Top 10 Dividend Stocks
Name | Dividend Yield | Dividend Rating |
Padma Oil (DSE:PADMAOIL) | 7.49% | ★★★★★★ |
Peoples Bancorp (NasdaqGS:PEBO) | 4.90% | ★★★★★★ |
CAC Holdings (TSE:4725) | 4.00% | ★★★★★★ |
Nihon Parkerizing (TSE:4095) | 3.86% | ★★★★★★ |
Citizens & Northern (NasdaqCM:CZNC) | 5.23% | ★★★★★★ |
Southside Bancshares (NYSE:SBSI) | 4.60% | ★★★★★★ |
GakkyushaLtd (TSE:9769) | 4.33% | ★★★★★★ |
Guangxi LiuYao Group (SHSE:603368) | 3.36% | ★★★★★★ |
HUAYU Automotive Systems (SHSE:600741) | 4.32% | ★★★★★★ |
DoshishaLtd (TSE:7483) | 3.86% | ★★★★★★ |
Click here to see the full list of 1976 stocks from our Top Dividend Stocks screener.

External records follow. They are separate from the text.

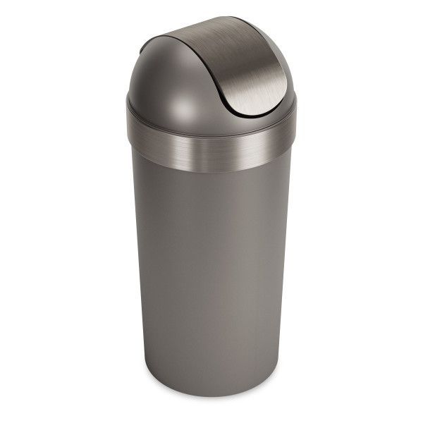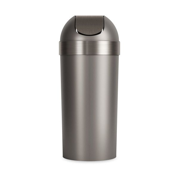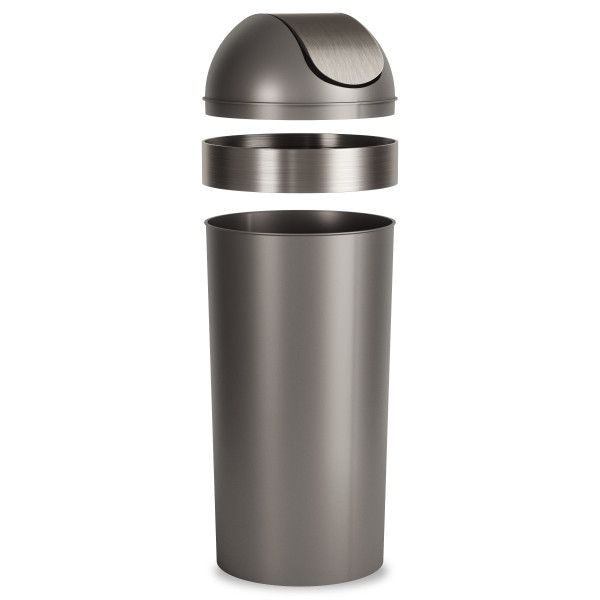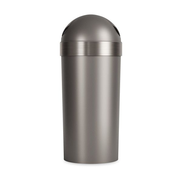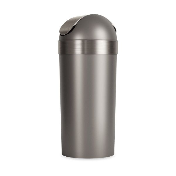 Style meets function with this large, easy-to-use garbage can. With sleek brushed metallic accents, a hassle-free molded swing-top lid, and an integrated neck ring, Venti keeps your waste out of sight. Venti Trash Can is sturdy, stable, and constructed of durable black polypropylene, which can be quickly wiped down with a damp cloth. Venti Trash Can is 35 inches (89 cm) tall by 14.6 inches (37 cm) in diameter, with a 16-gallon (62L) capacity. It works with 30-gallon garbage bags, including draw-sting and flap-tie bags. Venti is large enough in size so the bag doesn’t require constant changing but compact enough to fit in almost any space in your home.
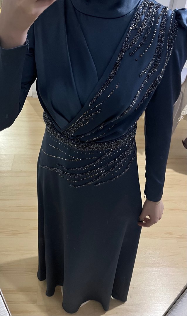 Mavi uzun kollu bu abiye elbise, nakışlı detayları ve drapeli tasarımıyla düğünler için uygundur.1 kere giyildi
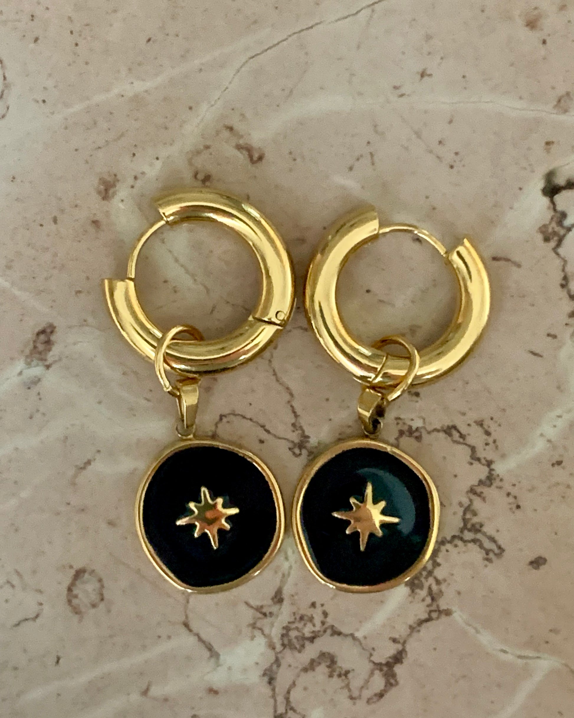 Goldene Creolen mit Sternanhänger. 18Karat vergoldeter Edelstahl. 🖤✨
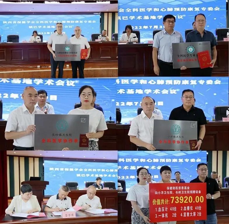 心肺预防康复专委会常务委员王琦和全科医学专委会秘书长张敏代表专委会分别向镇巴县中医院、镇巴县医共体办公室授牌并颁发聘书;镇巴县中医院向小洋、长岭两家协作单位授牌、颁发证书。陕西省保健学会公益项目部负责人田蓉代表保健助医慈善基金向小洋卫生院及长岭镇卫生院两家协作单位捐赠血压计、血糖仪、一体机、宣教大屏等合计73920元的设备。

Underneath we present a selection of stocks filtered out by our screen.
Hanwha General Insurance (KOSE:A000370)
Simply Wall St Dividend Rating: ★★★★☆☆
Overview: Hanwha General Insurance Co., Ltd. operates as an insurance service provider in South Korea with a market cap of approximately ₩460.75 billion.
Operations: Hanwha General Insurance Co., Ltd. generates its revenue primarily from its Property & Casualty insurance segment, amounting to approximately ₩5.55 billion.
Dividend Yield: 4.8%
Hanwha General Insurance offers a compelling dividend profile with a payout ratio of 9.5%, indicating strong coverage by earnings. The cash payout ratio is also low at 1.9%, ensuring dividends are well-supported by cash flows. Despite its top-tier dividend yield of 4.82% in the KR market, the company's track record shows volatility and unreliability over six years of payments, posing risks for investors seeking consistent income streams.
- Click here to discover the nuances of Hanwha General Insurance with our detailed analytical dividend report.
- Our valuation report here indicates Hanwha General Insurance may be undervalued.
Nihon Trim (TSE:6788)
Simply Wall St Dividend Rating: ★★★★☆☆
Overview: Nihon Trim Co., Ltd. develops and sells electrolyzed hydrogen water systems both in Japan and internationally, with a market cap of ¥28.82 billion.
Operations: Nihon Trim Co., Ltd.'s revenue is primarily derived from its Water Healthcare Business, which accounts for ¥18.97 billion, and its Medical Related Business, contributing ¥2.79 billion.
Dividend Yield: 3.4%
Nihon Trim's dividend payments are well-supported by earnings and cash flows, with a payout ratio of 28.3% and a cash payout ratio of 44.3%. However, its dividends have been volatile over the past decade, showing an annual drop of over 20%, which may concern investors seeking stability. Recent board meetings have focused on shareholder returns and strategic mergers, potentially impacting future dividend policies. The current yield is below top-tier levels in Japan at 3.43%.
- Unlock comprehensive insights into our analysis of Nihon Trim stock in this dividend report.
- Upon reviewing our latest valuation report, Nihon Trim's share price might be too pessimistic.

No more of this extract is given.